Cole Wyeth 5 Apr 2025 13:37 UTC
3 points
0
I agree it’s not just the universal distribution that can have this problem, but my objections to the malign prior argument should also be obstacles for many other versions of Adversaria.

You seem to be worried that many priors would make the mistake of overweighting simulations, which means your prior doesn’t assign much probability to being in a simulation? So at least this issue should be avoidable.
- Knight Lee 5 Apr 2025 20:15 UTC
  1 point
  0
  Parent
  I think I made a major confusion, in that I forgot that you were originally talking about “whether the malign universal prior will occur in practice.”
  If we’re talking about real life AI (or humans) rather than idealized agents, I actually agree with you. I never thought about this or clarified this, which is embarrassing :/
  I don’t think the reason it won’t happen in practice, is due to “natural obstacles” to Adversaria.
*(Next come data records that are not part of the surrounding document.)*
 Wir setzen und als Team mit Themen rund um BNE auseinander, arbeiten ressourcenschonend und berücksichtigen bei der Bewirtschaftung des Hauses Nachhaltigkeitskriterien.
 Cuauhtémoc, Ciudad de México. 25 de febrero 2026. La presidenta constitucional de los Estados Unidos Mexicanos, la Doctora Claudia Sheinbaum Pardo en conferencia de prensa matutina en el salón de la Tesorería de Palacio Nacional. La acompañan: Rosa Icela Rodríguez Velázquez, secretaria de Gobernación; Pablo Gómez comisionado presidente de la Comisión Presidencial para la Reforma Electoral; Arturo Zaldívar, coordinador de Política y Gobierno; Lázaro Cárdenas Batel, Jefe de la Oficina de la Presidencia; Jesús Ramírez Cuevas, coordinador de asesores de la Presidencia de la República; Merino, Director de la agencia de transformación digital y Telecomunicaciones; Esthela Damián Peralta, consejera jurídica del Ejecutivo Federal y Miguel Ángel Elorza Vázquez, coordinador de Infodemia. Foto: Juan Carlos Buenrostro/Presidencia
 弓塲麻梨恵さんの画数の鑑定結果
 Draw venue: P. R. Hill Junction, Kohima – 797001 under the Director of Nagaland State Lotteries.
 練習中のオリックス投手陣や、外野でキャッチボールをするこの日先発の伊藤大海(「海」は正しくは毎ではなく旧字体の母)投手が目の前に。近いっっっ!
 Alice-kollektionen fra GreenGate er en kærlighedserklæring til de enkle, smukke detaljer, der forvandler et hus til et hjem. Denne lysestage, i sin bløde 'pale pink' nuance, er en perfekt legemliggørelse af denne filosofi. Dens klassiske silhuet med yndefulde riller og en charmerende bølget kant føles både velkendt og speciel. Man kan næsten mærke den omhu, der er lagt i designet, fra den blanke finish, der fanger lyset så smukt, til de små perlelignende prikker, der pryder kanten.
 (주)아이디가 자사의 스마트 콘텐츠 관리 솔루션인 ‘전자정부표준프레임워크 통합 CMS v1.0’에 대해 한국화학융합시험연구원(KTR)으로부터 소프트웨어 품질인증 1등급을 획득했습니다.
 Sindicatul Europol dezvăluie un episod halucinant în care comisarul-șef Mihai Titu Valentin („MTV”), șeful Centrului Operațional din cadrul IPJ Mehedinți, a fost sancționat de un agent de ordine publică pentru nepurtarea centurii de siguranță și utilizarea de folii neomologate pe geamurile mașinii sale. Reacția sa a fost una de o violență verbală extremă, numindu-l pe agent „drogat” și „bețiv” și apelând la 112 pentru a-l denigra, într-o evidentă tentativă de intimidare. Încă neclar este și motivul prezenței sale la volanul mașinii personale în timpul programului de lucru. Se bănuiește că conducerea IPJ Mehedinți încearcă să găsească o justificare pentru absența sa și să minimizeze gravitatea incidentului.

The objections 1, 2, 3 and 5 might narrow down to “Adversaria evolves life which controls a similar amount of computational resources (times prior probability) as you do, except your inaccurate prior overestimates them by an order of magnitude or a few.” The objections 4 and 6 may narrow down to “At least some life on Adversaria follows UDT etc. instead of CDT, and have a better prior than you.”
  These objections make it uncertain whether it will occur in practice, but are not very reassuring.
  Instead, the real reason I don’t think it’ll happen in practice, is that a real life artificial superintelligence will not be a simple Bayesian reasoner equipped with an immutable/imperfect prior and utility function.
  The “malign priors” demonstrate that such a Bayesian reasoner equipped with an immutable/imperfect prior and utility function, is “sort of stupid,” and can be scammed despite knowing that the scammers think they are scamming it.
  Instead, I think what will happen will happen is this. The first generations of superintelligence, will be fuzzy reasoners just like humans, and use many heuristics which we call “common sense,” and not fall for these scams for the same reasons humans do not. Eventually, higher levels of superintelligence, (perhaps when making commitments and preparing for acausal trades?), will formalize their decision theory and reasoning.
  When deciding on how to formalize their decision theory and reasoning, they will do a lot of thinking, and reinvent all the thought experiments (e.g. malign priors) which humans could possibly think of, plus much more. And only after they are far less confused about decision theory than humans, will they finally proceed and formalize their decision theory and reasoning.
  And it will be a much smarter design than the Solomonoff universal prior or AIXI. They will laugh at humans for believing this is the optimal way to think.